Most trials and observational studies comparing TAVI with SAVR beyond 5 years have included old and moderate- and high-risk patients resulting in high overall mortality rates, caused by both non- and cardiovascular causes, and therefore small study populations at risk. All-cause mortality rates after 5 years were similar between TAVI and SAVR (55.3%–67.8% for TAVI and 55.4%–62.4% for SAVR) in high- and intermediate-risk patients (30%–46% for TAVI and 28.7%–42.1% for SAVR).^2,3,5,6, In the NOTION trial, all consecutive patients were considered for enrolment and no specific risk profile was defined. This resulted in the enrolment of old, mean age 79 years, but lower-risk patients, with more than 80% of patients having a STS-PROM score < 4% and limited comorbidities. Frailty was not systematically assessed. A recent observational study in low-risk patients found an all-cause mortality rate of 7.1% and 12.4% 5 and 8 years after isolated SAVR, respectively.¹⁶ These rates were 28.9% and 52.6% in our trial.^10,17 After 10 years, more than 60% of patients had died, suggesting a higher risk profile than the one measured by the STS-PROM score, while the type of intervention and bioprosthesis did not seem to affect the outcome. The two other trials in younger low-risk patients currently only have intermediate-term follow-up with all-cause mortality rates of 10.0% for TAVI and 8.2% for SAVR after 5 years in the PARTNER 3 trial¹¹ and 9.0% for TAVI and 12.1% for SAVR after 4 years in the Evolut Low Risk trial,¹² with no significant difference in either trial. Mean age in these larger trials were 73 and 74 years, respectively, and up to 26% of surgical patients underwent concomitant cardiac procedures including coronary artery bypass grafting. Similar rates of disabling stroke (5.8% and 2.9% for TAVI; 6.4% and 3.8% for SAVR) and cardiac re-hospitalizations were reported, but more SAVR patients had new-onset atrial fibrillation and serious bleeding. For TAVI patients in the Evolut Low Risk trial, using a self-expanding THV, the rate of pacemaker implantation was higher compared with SAVR patients. We also found less new-onset atrial fibrillation but more pacemaker implantation after TAVR compared with SAVR but at higher rates.
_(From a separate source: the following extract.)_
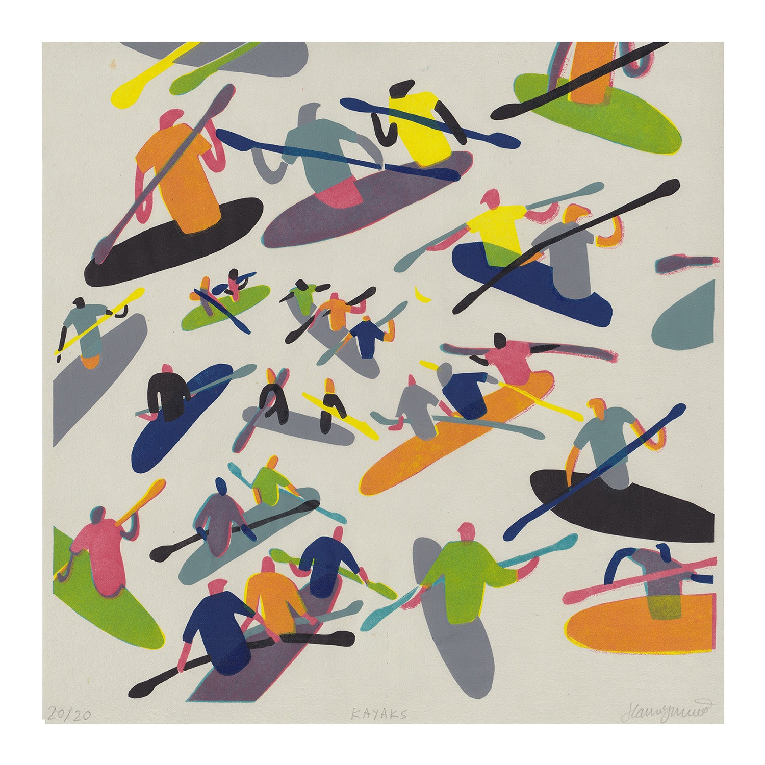 She uses vivid colours and bold shapes to create detailed, textured prints which have a sense of movement and strong graphic quality. Her paintings celebrate snapshots of a place at a specific time, like a photograph taken as a tourist to keep.

Procedural factors such as conduction abnormalities and all degrees of PVL and PPM have all been associated with an increased risk of death in both trials and observational studies.^{3,4,18,19,20,21,22} We have not been able to demonstrate any of these associations in the NOTION trial, although our rates of these complications were higher compared with more contemporary trials.^9,23 The limited sample size could be an explanation for this finding.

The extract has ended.